The 2005 Caprini risk assessment model. COPD, chronic obstructive pulmonary disease; DVT, deep venous thrombosis; PE, pulmonary embolism. Caprini, Thrombosis risk assessment as a guide to quality patient care. 2005.

The most recent version of the Caprini Risk Assessment Model was published in 2010 (Figure 2) [24]. When compared with the 2005 Risk Assessment Model, the 2010 Risk Assessment Model has four distinct, data-driven changes, including addition of new risk factors or reweighting of old risk factors. Some studies have shown that Caprini 2010 model gives an altered estimate of the risk of thromboembolism with consequent inappropriate application of preventive measures, so what right now the evidence does not support is its use in patient stratification until it is validated more widely [25].

Figure 2.

The 2010 Caprini risk assessment model.
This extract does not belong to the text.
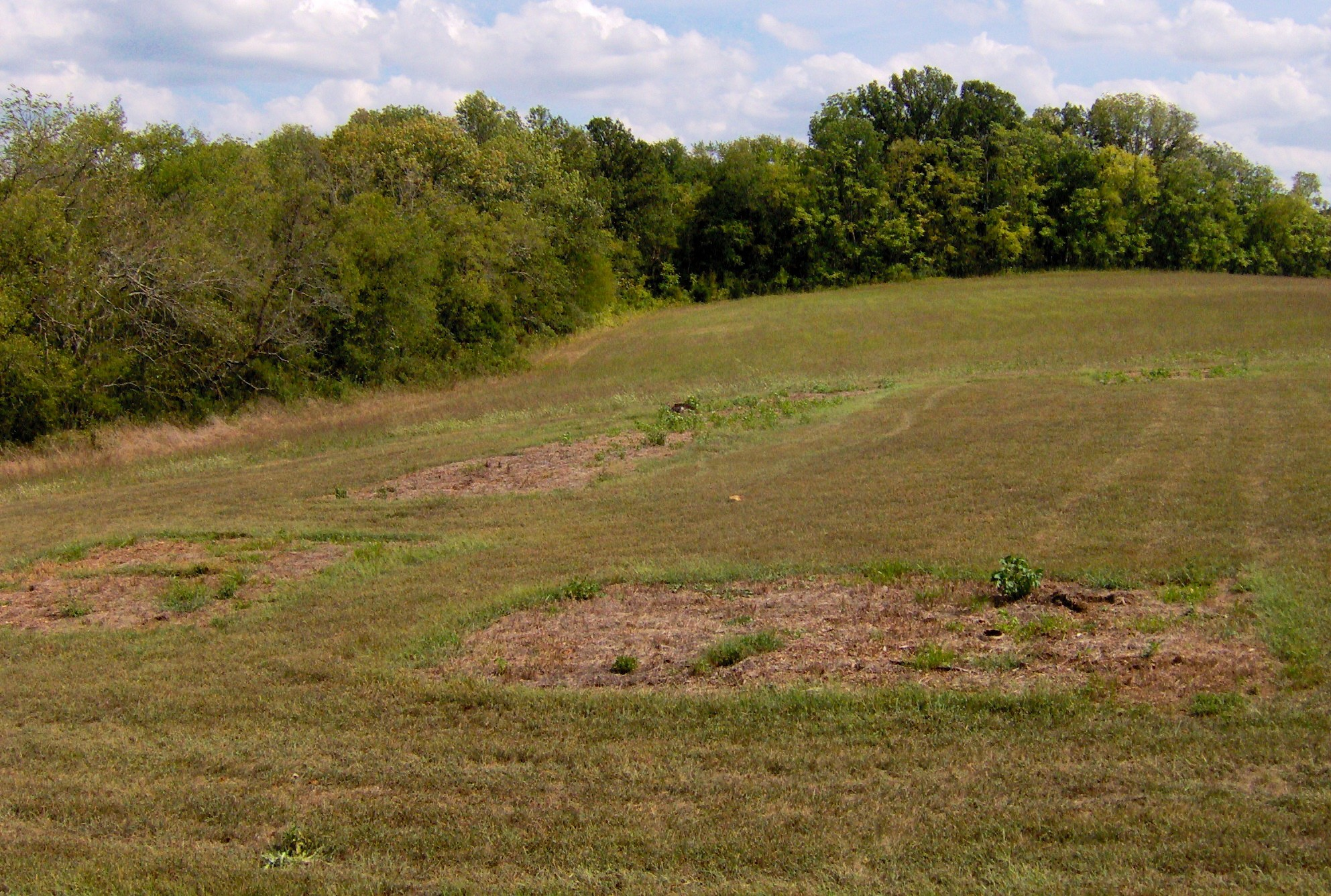 The site of Bledsoe's Station in Sumner County, Tennessee, in the southeastern United States. Bledsoe's Station was a frontier fort built in the early 1780s to protect settlers from Native American attacks. Archaeological excavations in the late 1990s verified the fort's location. The fort is no longer standing, but excavation trench lines give visitors an idea of the fort's layout.

Risk assessment as a guide to thrombosis prophylaxis. Curr Opin Pulm Med. 2010.

The 2012 American College of Chest Physicians guidelines note that at any level of 2005 Caprini score, plastic and reconstructive surgery patients are at decreased risk of venous thromboembolism compared with patients undergoing abdominal and pelvic surgery [26]. Prior validation studies of the 2005 Caprini score in plastic and reconstructive surgery patients [27] and the head and neck surgery population [28] showed that 70–80% of patients in the overall population are classified as lower risk (2005 Caprini scores of 3–4 or 5–6). Thus, only a small proportion of patients fall into the highest risk strata.

We recommend that all plastic and reconstructive surgery patients should be risk-stratified for perioperative venous thromboembolism risk using a 2005 Caprini score and that surgeons consider chemoprophylaxis on a case-by-case basis in patients with Caprini score >8.

6. Thrombosis and venous thromboembolism prophylaxis

Venous stasis is a recognized venous thromboembolism risk factor. Stasis, along with hypercoagulability and intimal damage, constitutes the central tenets of Virchow’s triad for thrombosis. Stasis also promotes venous dilation, resulting in intimal microtears. This exposes subendothelial collagen and initiates the clotting cascade. Venous dilation is known to predict deep venous thrombosis in other surgical subspecialties [29].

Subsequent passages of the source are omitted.